We recommend to install the latest developmental version from GitHub as follow:
if(!require(devtools)) install.packages("devtools")
devtools::install_github("kassambara/ggpubr")
If installation from Github failed, then try to install from CRAN as follow:
install.packages("ggpubr")
Load ggpubr:
library(ggpubr)
The following R functions will be used:
- ggscatter()[in ggpubr]: plot scatter plots
- stat_cor()[in ggpubr]: Add correlation coefficients and significance levels
Demo data sets
Data: mtcars data sets.
# Load data
data("mtcars")
df <- mtcars
# Convert cyl as a grouping variable
df$cyl <- as.factor(df$cyl)
# Inspect the data
head(df[, c("wt", "mpg", "cyl", "qsec")])
## wt mpg cyl qsec
## Mazda RX4 2.62 21.0 6 16.5
## Mazda RX4 Wag 2.88 21.0 6 17.0
## Datsun 710 2.32 22.8 4 18.6
## Hornet 4 Drive 3.21 21.4 6 19.4
## Hornet Sportabout 3.44 18.7 8 17.0
## Valiant 3.46 18.1 6 20.2
Basic plots
ggscatter(df, x = "wt", y = "mpg",
add = "reg.line", # Add regression line
conf.int = TRUE, # Add confidence interval
add.params = list(color = "blue",
fill = "lightgray")
)+
stat_cor(method = "pearson", label.x = 3, label.y = 30) # Add correlation coefficient
You can change the point shape, by specifying the argument shape, for example:
ggscatter(df, x = "wt", y = "mpg",
shape = 18)
To see the different point shapes commonly used in R, type this:
show_point_shapes()
Color by groups
Grouping variable: cyl.

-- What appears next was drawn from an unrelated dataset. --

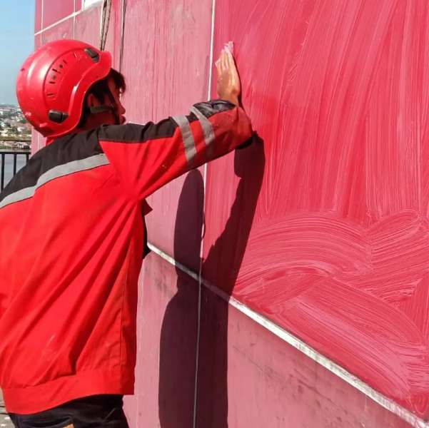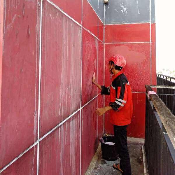 Facade Cleaning merupakan kegiatan membersihkan luar bangunan gedung agar tetap bersih dari debu, polutan dan kotoran yang menempel pada bangunan sehingga perlu perawatan khusus.
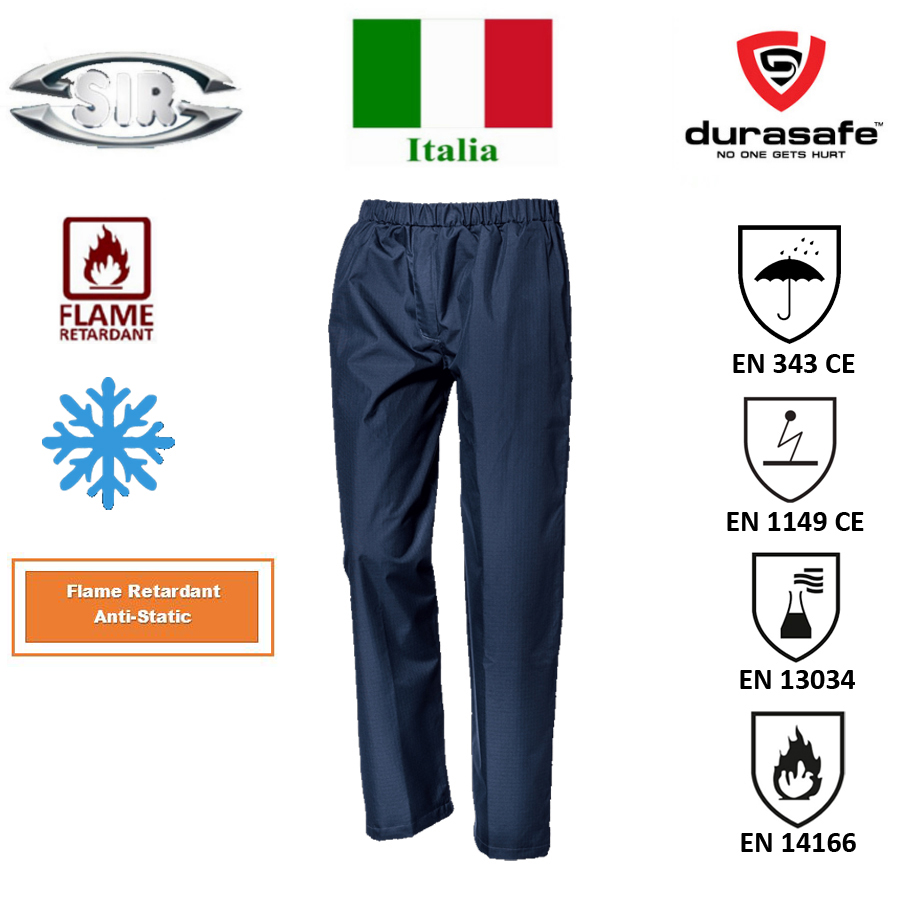 Overpants with antistatic, flame retardant, acid resistant and high visibility properties; Breathable and waterproof, antistatic, resistant to chemical substances, with flame retardant treatment. It features exterior-to-interior access with water resistant zip, front zipper closure and elastic waist

To add a correlation coefficient per group, specify the grouping variable using the mapping function aes() as follow.
ggscatter(df, x = "wt", y = "mpg",
add = "reg.line", # Add regression line
conf.int = TRUE, # Add confidence interval
color = "cyl", palette = "jco", # Color by groups "cyl"
shape = "cyl" # Change point shape by groups "cyl"
)+
stat_cor(aes(color = cyl), label.x = 3) # Add correlation coefficient
# Extending the regression line --> fullrange = TRUE
# Add marginal rug (marginal density) ---> rug = TRUE
ggscatter(df, x = "wt", y = "mpg",
add = "reg.line", # Add regression line
color = "cyl", palette = "jco", # Color by groups "cyl"
shape = "cyl", # Change point shape by groups "cyl"
fullrange = TRUE, # Extending the regression line
rug = TRUE # Add marginal rug
)+
stat_cor(aes(color = cyl), label.x = 3) # Add correlation coefficient
Add concentration ellipses
Main arguments:
- ellipse = TRUE: Draw ellipses around groups.
- ellipse.level: The size of the concentration ellipse in normal probability. Default is 0.95.
- ellipse.type: Ellipse types. Possible values are ‘convex’, ‘confidence’ or types supported by ggplot2::stat_ellipse including one of c(“t”, “norm”, “euclid”). Default is “norm”.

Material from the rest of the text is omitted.